Rinsing his hands at the washbasin, McBride hears the click of the latch out in the hallway. The nursemaid, Inez, has returned. Not even stopping to dry off, he spins the chair, flicks the lever and lunges the machine at the door, the kick plate slamming against a gash of wood in the paintwork that testifies to past injuries. The door flies open, and there he catches her, dramatized in shadows, wide-eyed like the heroine – or is it the victim? – in a silent movie. He knows that she will have stopped off at St Joe’s on the way home to light candles and pray for everything under the sun. He is certain of it; he can all but smell the ghastly place on her, and it inspires him with words to shake her from her cosy Catholic notions: ‘The day is fast approaching, my little rosebud,’ he declares, giving a jolly little tilt of the head and oozing a terrible kind of delight, ‘when you are going to have to wipe my sorry ass for me.’

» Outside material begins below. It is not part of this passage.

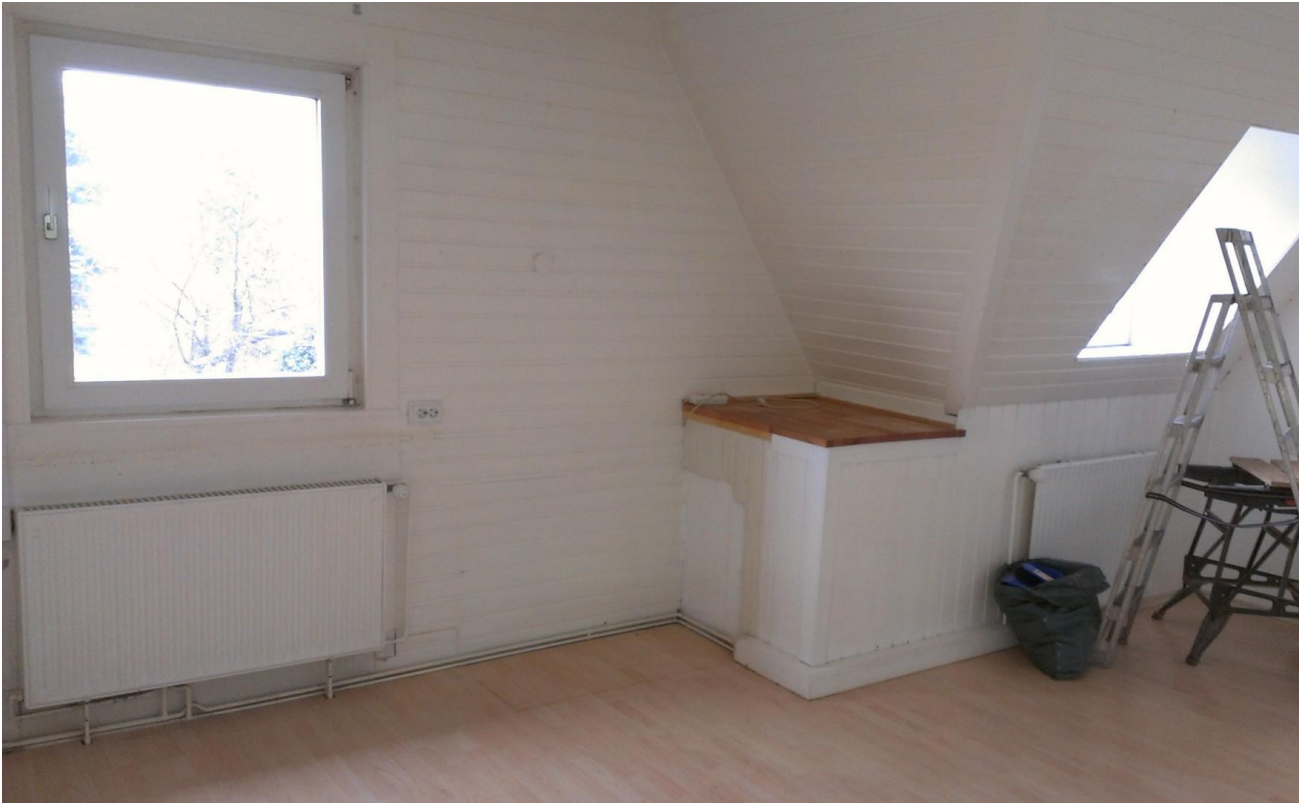
Küche, ohne Einbauten OG

A hair’s breadth ahead of him, Inez hangs her coat on the door, turns smartly away and carries her groceries into the kitchen, prompting him to pump up the volume: ‘When it’s easier to slit your wrist than take a shit, you just have to start thinking!’ Inez opens the refrigerator door and buries herself in domestic intricacies. Cheerily, she clucks away to herself: ‘Now did I or did I not already buy tomatoes?’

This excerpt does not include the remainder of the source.